Close to 10,000 Irish landowners claimed almost €24m in income tax reliefs in 2017 under the long-term leasing scheme for farmland, according to new figures from the Revenue Commissioners (Figure 1).

While the volume of acres leased under long-term leases is not disclosed by Revenue, there has been a substantial rise in the individual number of landowners who have signed up for long-term leases in recent years.

Since 2013, the number of landowners claiming income tax reliefs on long-term leases has more than doubled from less than 4,400 in 2013 to just under 10,000 in 2017.

Vacant site levy documents applying to actively farmed land. \ Thomas Hubert

Likewise, the amount of tax relief claimed on income earned from setting land in a long-term lease arrangement has soared by 225% from €7.3m in 2013 to just under €24m last year.

These figures have likely increased even further for 2018 and 2019 given the enormous success of the long-term leasing scheme for land introduced by the Government in 2015.

Agricultural relief on capital acquisitions tax

Separately, figures from the Revenue Commissioners show that farmers claim about €160m in agricultural relief on capital acquisitions tax in an average year (Figure 2). This mostly relates to tax relief on the inheritance of farmland.

Figures from Revenue show that just under 1,500 farmers claimed agricultural relief from paying capital acquisition taxes on inherited property. This amounted to €166m for 2018. Unsurprisingly, the majority of this relief (20%, or €34m) was claimed by farmers in Cork (Figure 3).

Farmers in Carlow, Kilkenny and Laois claimed a further €22m in agricultural relief on inherited property, which was about 13% of total claims.

The lowest amount of claims were made by farmers in Mayo, with agricultural reliefs amounting to just €2.3m.

Stamp duty relief

In budget 2018, Minister for Finance Paschal Donohue increased the rate of stamp duty on commercial property from 2% to 6%.

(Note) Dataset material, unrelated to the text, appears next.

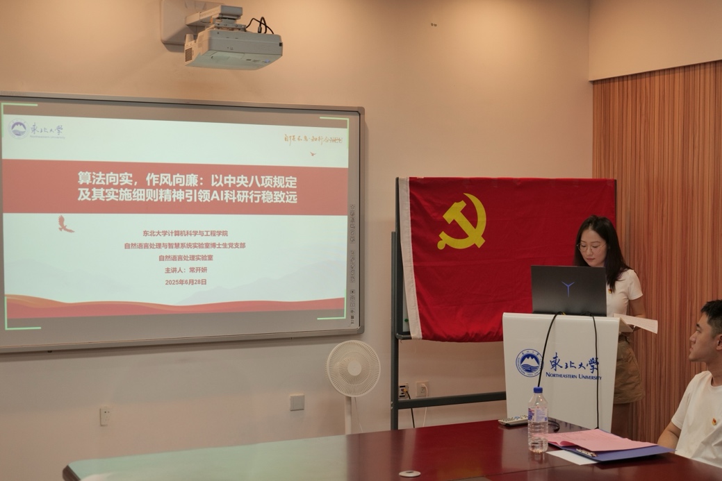 活动开始,张长帅介绍了此次主题党日活动的目的意义,并向与会同志报告了支部基本情况以及自入围学校第三批“党建工作样板支部”培育创建单位以来取得的进展成效。随后,按照学校学习教育工作专班关于党支部书记“七一”前后讲授专题党课要求,以“中央八项规定精神与科研人生”为主题讲授专题党课,阐释中央八项规定及其实施细则精神对博士生党员的教育与指导意义,并号召全体党员要将党性修养融入学术科研追求当中。在党建+科研成果展示环节,党支部宣传委员王鸿菲展示了医学影像AI研究如何服务“健康中国”战略,体现算法研发中的党员担当。支部党员常开妍汇报了团队将NLP技术与党建深度融合的实践成果,以及党员在推进科研创新和破解难题上取得成果成效。在“思想碰撞检视自身”环节,支部党员同志结合科研实践,对照中央八项规定及其实施细则精神开展自我剖析,通过案例研讨深化纪律教育,切实增强深入贯彻的自觉性和坚定性。

In a bizarre turn of unintended events, this increased rate of stamp duty also ended up being applied to sales of agricultural land and subsequently caused huge confusion for farmers and auctioneers.

For months afterwards, the Department of Finance scrambled to sort out the situation and assure landowners that agricultural reliefs on stamp duty from buying land would be maintained at 2%.

Analysis

An analysis by the Irish Farmers Journal at the time showed the mistake could cost farmers up to €30m per annum if left unaddressed.

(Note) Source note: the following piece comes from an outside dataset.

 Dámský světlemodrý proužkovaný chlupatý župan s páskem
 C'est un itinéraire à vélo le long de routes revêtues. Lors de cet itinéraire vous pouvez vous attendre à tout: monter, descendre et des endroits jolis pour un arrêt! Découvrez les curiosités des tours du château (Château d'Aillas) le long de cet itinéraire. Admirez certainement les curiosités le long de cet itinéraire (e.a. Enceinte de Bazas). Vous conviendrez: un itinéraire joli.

Unsurprisingly, the mix-up over this potential new stamp duty rate on farmland saw a spike in the number of farms transferred from one family member to another in the months after the budget in a bid to avoid paying an increased rate of stamp duty tax.

According to the Revenue Commissioners, the amount of consanguinity relief on stamp duty from 2014 to 2017 ranged from about €1m per annum to a high of €4.7m per year (Figure 4).

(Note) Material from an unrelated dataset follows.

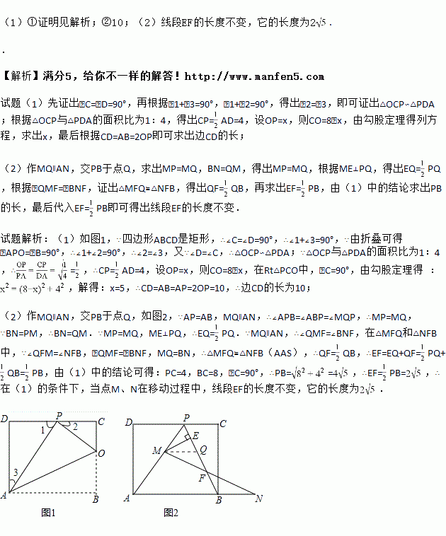 ②若△OCP与△PDA的面积比为1:4,求边AB的长.

However, the amount of consanguinity reliefs claimed in 2018 skyrocketed to €22m as farmers sought to transfer land ahead of any unwanted changes to stamp duty rates.

Young farmers

A similar trend emerged for stamp duty reliefs for farmland being transferred to young farmers in 2018.

From 2014 to 2017, young farmer reliefs on stamp duty amounted to between €4m and €8m, according to the Revenue Commissioners.

However, this figure more than doubled in 2018 as young farmer relief on stamp duty spiked to almost €17m after more than 1,000 young farmers applied for the relief after inheriting or buying land (Figure 5).

Cork saw the highest number of transfers with 14.9% of the total, while Galway came second highest with 9% of the total.

Louth had the lowest number of young farmer transfers for the third year running with just 0.7%.

Qualified young farmers are eligible for a full exemption of stamp duty on transfers of farmland. The transfer can be by gift or sale.